No Dominion: The Lonely, Dangerous Fight Against Christian Supremacists Inside the Armed Forces

In his fight against British imperialism, Mahatma Gandhi described the life cycle of successful civil disobedience: "First they ignore you, then they laugh at you, then they fight you, then you
win." Mikey Weinstein, the 55-year-old founder of the Albuquerque, New
Mexico-based Military Religious Freedom Foundation (MRFF), likes to
quote it, knowing full well he's crossed the line into a bloody-knuckle
brawl. Over the past year, Weinstein and his organization have recorded a
tremendous string of victories in the fight against Christian
supremacists inside the armed forces.

In January, the MRFF broke the story on the Pentagon's Jesus Rifles, where rifle scopes used in Afghanistan and Iraq were embossed with New Testament verses. In April, he got the military to rescind its
invitation to the Reverend Franklin Graham
to speak at May's
National Prayer Day because of Islamophobic remarks. Most shockingly,
MRFF received its second nomination for the Nobel Peace Prize in late
October. These high-profile victories have earned him the enmity of the
hardcore Christian Right and the mentally unstable. And the crazies are
getting crazier. Weinstein and his family are bombarded with hate mail,
from the grammatically incorrect and easy to dismiss - "I hope all your
kids turn out gay as hell, take it in the ass, and get aids and die!!!!"
- to the kind of threats that immediately make you leap out of your
chair and double-check that the doors and windows are locked. (MRFF has
referred multiple death threats on Mikey, his family, and MRFF employees
to the FBI.)

Unlike Gandhi, Mikey's no pacifist. Aggression rises up in his voice like a white shark's fin breaks the waves. In a recent conversation, Mikey bragged how a punk wouldn't shut up in a movie. When
a confrontation ensued and the man took a wild swing, Mikey put him
down. None of this is surprising. Weinstein boxed during his Air Force
days, his face marked by a strong jawline sitting below a bald head on
top of a stocky body - a cross between Rocky Marciano and Butter Bean.
Simply put: Mikey Weinstein can be a brute and a zealot. He knows this
and admits it freely. But he believes it's the only position a
reasonable person can take when confronted with a faction dedicated to
mutating the U.S. military into "a weaponized Gospel of Jesus Christ."

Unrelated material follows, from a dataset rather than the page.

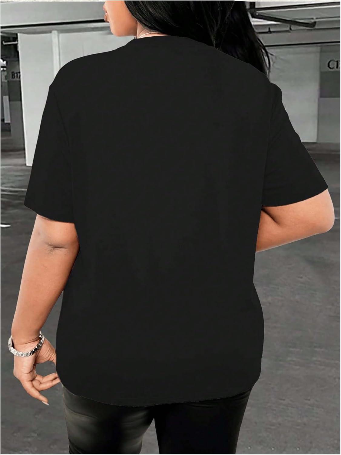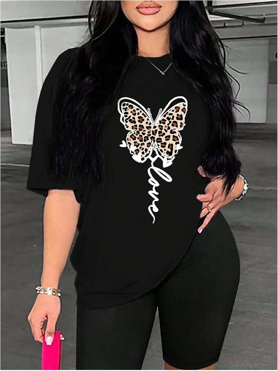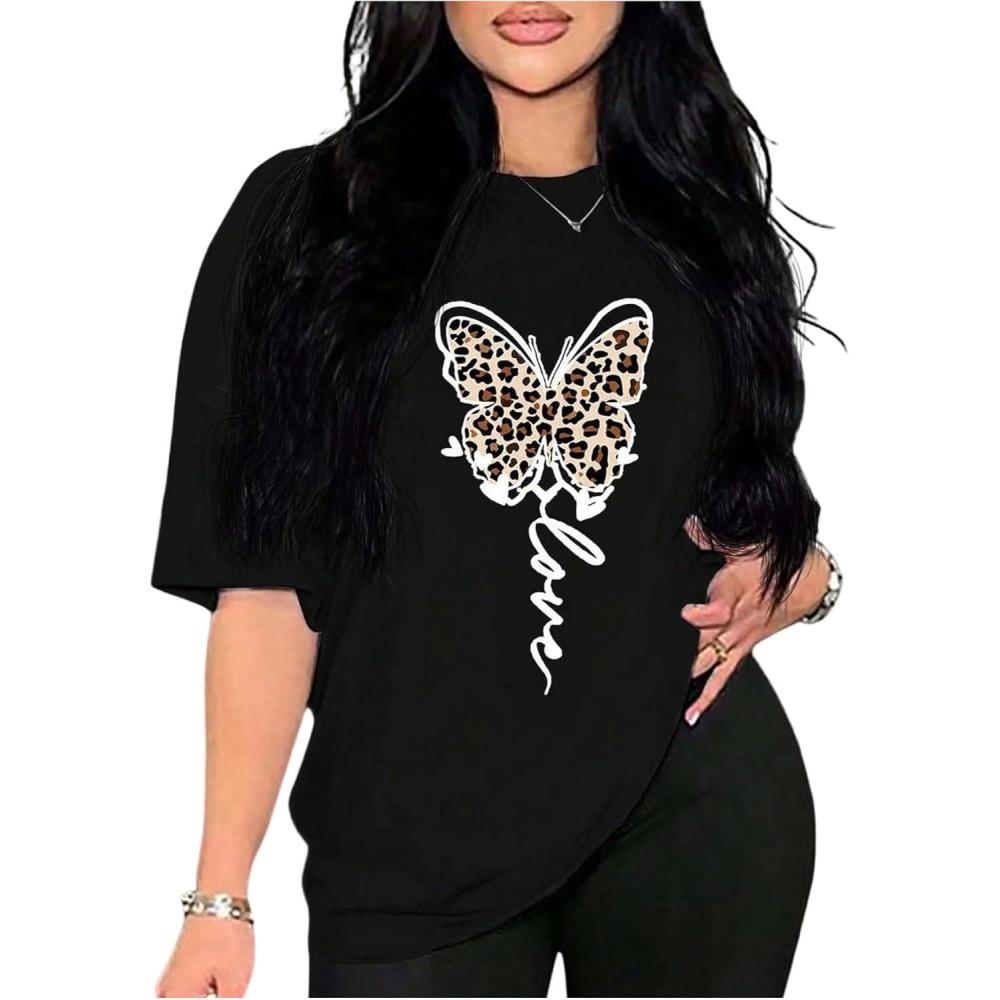 SOLY HUX Women’s Plus Size Summer Tops Short Sleeve Leopard Graphic Tees Crew Neck T-Shirts(Black Butterfly)

But for all of his rhetorical excesses and bravado, Weinstein's fight is simple and correct. The United States military cannot favor one religious sect over another, staying true to the
Constitution's establishment clause that service members pledge to
defend. More pragmatically, the military cannot favor one religious sect
over another because it's destructive of good order and discipline,
creating divisions between service members when they must rely on the
guy next to them to survive in a firefight. Yet inside the U.S.
military a small, determined, and fanatical clique wants to abuse its
power and prosetlyze to service members below them in the chain of
command. Through this captive market, they can inject their peculiar
ideology into the most powerful institution on earth. As Weinstein likes
to say, this isn't just a civil rights issue, it's a national security
threat of the gravest magnitude. The description sounds hyberbolic, but
according to Weinstein there's a pervasive Christian supremacist milieu
inside the U.S. military that's a danger not only to constitutional
order, but to the American wars in Afghanistan and Iraq. What's ironic
about Mikey's fight is that he never thought about becoming "a civil
rights activist." He discovered his calling by rising up like a grizzly
bear for his son.


Views: 43

Comment by CJoe on July 14, 2010 at 3:23pm
Yeah... wtf?
Comment by Christopher Staats on December 6, 2011 at 4:24pm

When I was in the US Army my career was destroyed by my own chain of command simply for not being Christian. It goes much further than this article expounds in that soldiers are persecuted and abused on a daily basis.

When it was discovered that I was not a Christian I was made to carry a 40lb chunk of concrete along with my other gear, the concrete lashed to my wrist. I had to name it, bathe with it, sleep with it. As an infantryman it crippled my ability to do my job and the added weight threw out an already bad knee. My higher ups claimed that it was to teach me "the gravity of the situation."

I'm not alone in having been treated poorly. Other atheists, pagans, and even Jews have complained to me about how they were treated in the service once they learned of how I had been treated. I hope Mikey's fight makes some headway.

Comment by Mo Trauen on December 21, 2011 at 8:53pm

This sort of thing also happens in non-military branches of the government and, of course, in state governments in some states.